What if instead we had done a network of 1000, but with the same observed data? What values would we need to change in our calls? (Note: from now on, we will simplify our calls somewhat and save ourselves a step by nesting the dissolution call directly inside the formation one.)
net2 <- network_initialize(1000)
fit2 <- netest(net2,
formation = ~edges,
target.stats = 200,
coef.diss = dissolution_coefs(~offset(edges), 90))
sim2 <- netdx(fit2, nsteps = 1000, nsims = 10, keep.tedgelist = TRUE)
Network Diagnostics
-----------------------
- Simulating 10 networks
|**********|
- Calculating formation statistics
- Calculating duration statistics
- Calculating dissolution statistics
plot(sim2, type = "formation")
plot(sim2, type = "duration")
plot(sim2, type = "dissolution")
Lesson learned from Scenario 2: remember to change your target stats when you change your network size. Better yet, make your target stats functions of your network size instead of fixed values! That is, something like:
# Do not run
nnodes <- 1000
meandeg <- 0.4
net2 <- network_initialize(nnodes)
fit2 <- netest(net2,
formation = ~edges,
target.stats = nnodes*meandeg/2,
coef.diss = dissolution_coefs(~offset(edges), 90))
Now we want to ramp up the complexity of our model a bit. For example, let us imagine we wish to control aspects of the momentary degree distribution, as well as race mixing. Conveniently, we happen to be working in a community in which 50% of MSM are Black and 50% are White. And our egocentric partnership data say:
There are no significant differences in the distribution of momentary degree (the number of ongoing partnerships at one point in time) reported by Black vs. White men. The mean is 0.90, and the overall distribution is:
36% degree 0
46% degree 1
18% degree 2+
83.3% (i.e. 5/6) of relationships are racially homogeneous
We also have data (from these same men, or elsewhere) that tell us that the mean duration for a racially homogeneous relationship is 100 weeks, while for a racially mixed one it is 200 weeks. Perhaps this is because the social pressure against cross-race ties makes it such that those who are willing to enter them are a select group more committed to their relationships.
The size of the network we wish to simulate is again arbitrary; let us pick 250. Our first step, then, is to create a 250-node undirected network, and assign the first half of the nodes to race “B” and the second to race “W”.
n <- 250
net3 <- network_initialize(n)
net3 <- set_vertex_attribute(net3, "race", rep(c("B", "W"), each = n/2))
net3
Network attributes:
vertices = 250
directed = FALSE
hyper = FALSE
loops = FALSE
multiple = FALSE
bipartite = FALSE
total edges= 0
missing edges= 0
non-missing edges= 0
Vertex attribute names:
race vertex.names
No edge attributes
form.formula.3 <- ~edges + nodematch("race") + degree(0) + concurrent
target.stats.3 <- c(0.9*n/2, (0.9*n/2)*(5/6), 0.36*n, 0.18*n)
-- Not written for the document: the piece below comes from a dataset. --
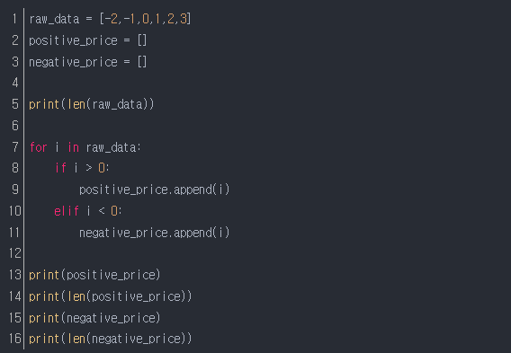 8줄~9줄 : 양수이면 2줄의 positive_price에 넣는다.
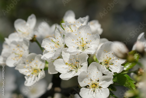 © oksanatukane, Fototapeta premium White tree blossom close up selective focus. Blurred background with copy space. floral background

How did we get those expressions? Why don’t we specify
degree(1)
as well?
Now we turn to dissolution. This is complicated slightly by the fact that our dissolution probabilities differ by the race composition of the members. One dissolution formula for representing this is:
diss.formula.3 <- ~offset(edges) + offset(nodematch("race"))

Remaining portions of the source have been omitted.